At its core sits the latest evolution of Ferrari’s twin-turbo V8, producing up to 640 cv and positioned to balance performance with composure across long distances.  Power is delivered through an eight-speed dual-clutch transmission, translating seamlessly into acceleration that reaches 100 km/h in just over three seconds, while maintaining the measured character expected of a grand tourer.  This is not a car built for excess alone, but for continuity, where performance is sustained rather than momentary.

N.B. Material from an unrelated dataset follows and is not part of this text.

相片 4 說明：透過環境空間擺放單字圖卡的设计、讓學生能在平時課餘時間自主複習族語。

The defining gesture, of course, is the roof. A fabric soft top replaces the fixed form of the coupé, engineered to open in 13.5 seconds and at speeds of up to 60 km/h, preserving both the car’s proportions and its usability.  When retracted, the roof compresses into a minimal footprint, allowing the Amalfi Spider to maintain the clean, uninterrupted lines that have become central to Ferrari’s current design language. The result is a silhouette that reads as complete whether open or closed, uninterrupted by compromise.

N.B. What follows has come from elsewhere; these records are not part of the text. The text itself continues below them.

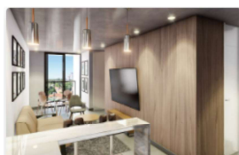
Departamento 1 Dormitorio

Design Center S.A., una empresa con más de 30 años de vigencia en el mercado desarrolla, proyecta y construye Sol City, el primero de un estilo innovador de emprendimientos inmobiliarios en el exclusivo barrio las Lomas.
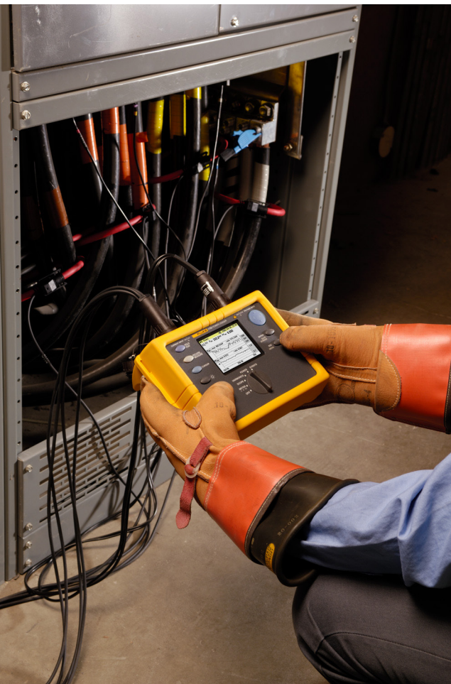
Настройка интервалов регистрации.

приборы. Наличие трех фаз затрудняет измерение мощности или энергопотребления, особенно, если вы планируете использовать меры повышения эффективности, чтобы снизить расход энергии.
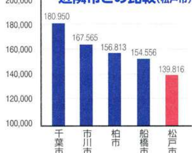
1人あたりの市税収入の 近隣市との比較(松戸市)

Inside, the dual-cockpit layout reinforces this balance between driver and passenger. A fully digital instrument cluster sits opposite a central touchscreen, with an optional display extending toward the passenger, reflecting Ferrari’s ongoing interest in shared driving experience rather than isolation.  Materials are handled with restraint, leather, metal, and carefully considered surfaces that favour tactility over excess, aligning with the car’s broader sense of control.



What distinguishes the Amalfi Spider is not a single feature, but its positioning. It sits within Ferrari’s lineage of V8 grand tourers, a space historically defined by usability as much as performance. The inclusion of a 2+ configuration, modest rear seating, and practical luggage capacity underscores this, reinforcing the idea that this is a car designed to be driven often, not reserved.


There is also a shift in how Ferrari frames this category. The Amalfi Spider is described not as a supercar, but as a grand tourer, a distinction that matters.  It places emphasis on experience over spectacle, on the continuity of driving rather than isolated performance metrics. The open roof amplifies this, introducing sound, light, and environment into the drive in a way that cannot be replicated in a closed form.



In this sense, the Amalfi Spider is less about transformation and more about refinement. It takes a familiar structure, V8 power, front-mid engine layout, rear-wheel drive, and reworks it with a contemporary clarity that aligns with how Ferrari now defines its road cars. It is precise without being restrained, powerful without being excessive, and open without losing its sense of form.


The name itself, drawn from one of Italy’s most enduring coastlines, is not incidental. It situates the car within a landscape of movement, distance, and exposure, where the act of driving extends beyond performance into something more considered. The Amalfi Spider carries that association forward, not as reference, but as experience, a car designed to be driven with purpose, and to be understood over time rather than in a single moment.